Image Analysis at Run-time
Bin Li from UW-Madison
Presenting Friday, March 8th at 1:00PM CST
Whether experiments are focused and small-scale or automated and high-throughput, effectively quantifying image is now a critical, widespread need that continues to grow in many ways:
Scale. Automated microscopes can acquire millions of images faster than can be analyzed by eye. Large-scale computing resources for analysis are often inaccessible to biologists who need them.
Size. Many experiments, from basic research to patient studies, involve huge images, often 10,000+ pixels in each dimension, using light sheet microscopy and/or large field-of-view detectors.

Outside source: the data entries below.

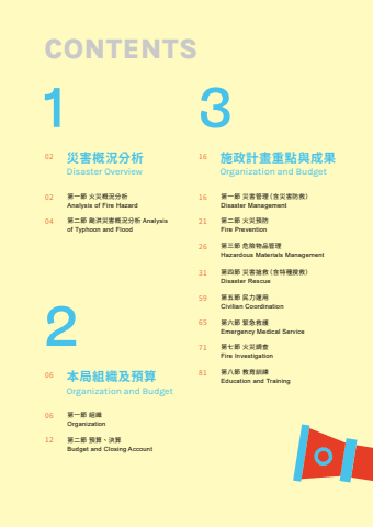 02 %u7b2c%u4e00%u7bc0 %u706b%u707d%u6982%u6cc1%u5206%u6790Analysis of Fire Hazard04 %u7b2c%u4e8c%u7bc0 %u98b1%u6d2a%u707d%u5bb3%u6982%u6cc1%u5206%u6790 Analysis of Typhoon and Flood06 %u7b2c%u4e00%u7bc0 %u7d44%u7e54Organization12 %u7b2c%u4e8c%u7bc0 %u9810%u7b97%u3001%u6c7a%u7b97Budget and Closing Account16 %u7b2c%u4e00%u7bc0 %u707d%u5bb3%u7ba1%u7406%uff08%u542b%u707d%u5bb3%u9632%u6551%uff09Disaster Management21 %u7b2c%u4e8c%u7bc0 %u706b%u707d%u9810%u9632Fire Prevention26 %u7b2c%u4e09%u7bc0 %u5371%u96aa%u7269%u54c1%u7ba1%u7406Hazardous Materials Management31 %u7b2c%u56db%u7bc0 %u707d%u5bb3%u6436%u6551%uff08%u542b%u7279%u7a2e%u641c%u6551%uff09Disaster Rescue59 %u7b2c%u4e94%u7bc0 %u6c11%u529b%u904b%u7528Civilian Coordination65 %u7b2c%u516d%u7bc0 %u7dca%u6025%u6551%u8b77Emergency Medical Service71 %u7b2c%u4e03%u7bc0 %u706b%u707d%u8abf%u67e5Fire Investigation81 %u7b2c%u516b%u7bc0 %u6559%u80b2%u8a13%u7df4Education and Training%u707d%u5bb3%u6982%u6cc1%u5206%u6790Disaster Overview02 1606 %u672c%u5c40%u7d44%u7e54%u53ca%u9810%u7b97Organization and Budget%u65bd%u653f%u8a08%u756b%u91cd%u9ede%u8207%u6210%u679cOrganization and Budget123CONTENTS
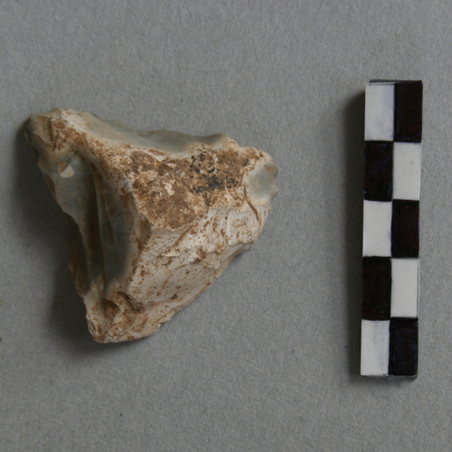 Raschiatoio carenoide su spessa scheggia corticata, a ritocco semplice diretto trasversale e sopraelevato diretto margine destro.
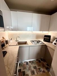 L'appartamento viene ceduto arredato di soggiorno, divano e cucina su misura completa di tutti gli elettrodomestici:
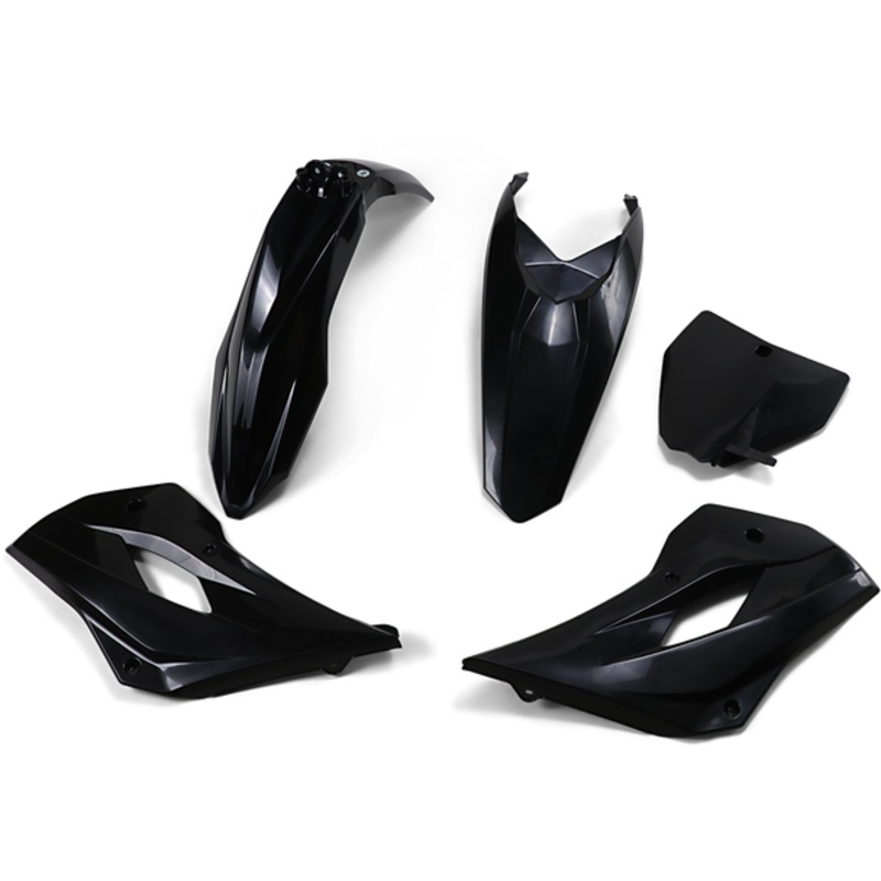 UFO Body Kit Black TC85 HUKIT619-001Pre-drilled pieces mount easily to stock, Body kit includes front and rear fender, radiator covers and side panels; OEM matches stock bike colors, Easy bolt-on installation, Made in Italy MOUNTING POSITION:

Dimensionality. Researchers are performing quantitative, higher-throughput experiments using these multi-dimensional image types via time-lapse, three-dimensional, & multi-spectral imaging
Scope. Researchers need to create complex workflows involving software for microscope control, high-throughput image processing, cloud computing, deep learning, & data mining
Modality. Researchers are struggling to identify and apply appropriate analytical methods for the explosion of novel types of microscopy, including super-resolution, single-molecule, and others
Complexity. Microscopy is now being used for profiling, to extract a “signature” of samples based on morphological measurements of imaged cells and microenvironment, often more subtle & complex than humans perceive.
The overall goal of quantitative and systematic biomedical imaging is to have a general platform for run-time computer vision applications with hardware acceleration and integration knowledge from biology, instrumentation, engineering and computer science, so that new instruments with run-time processing ability can address many current challenges and allow us to thoroughly study nature’s variability.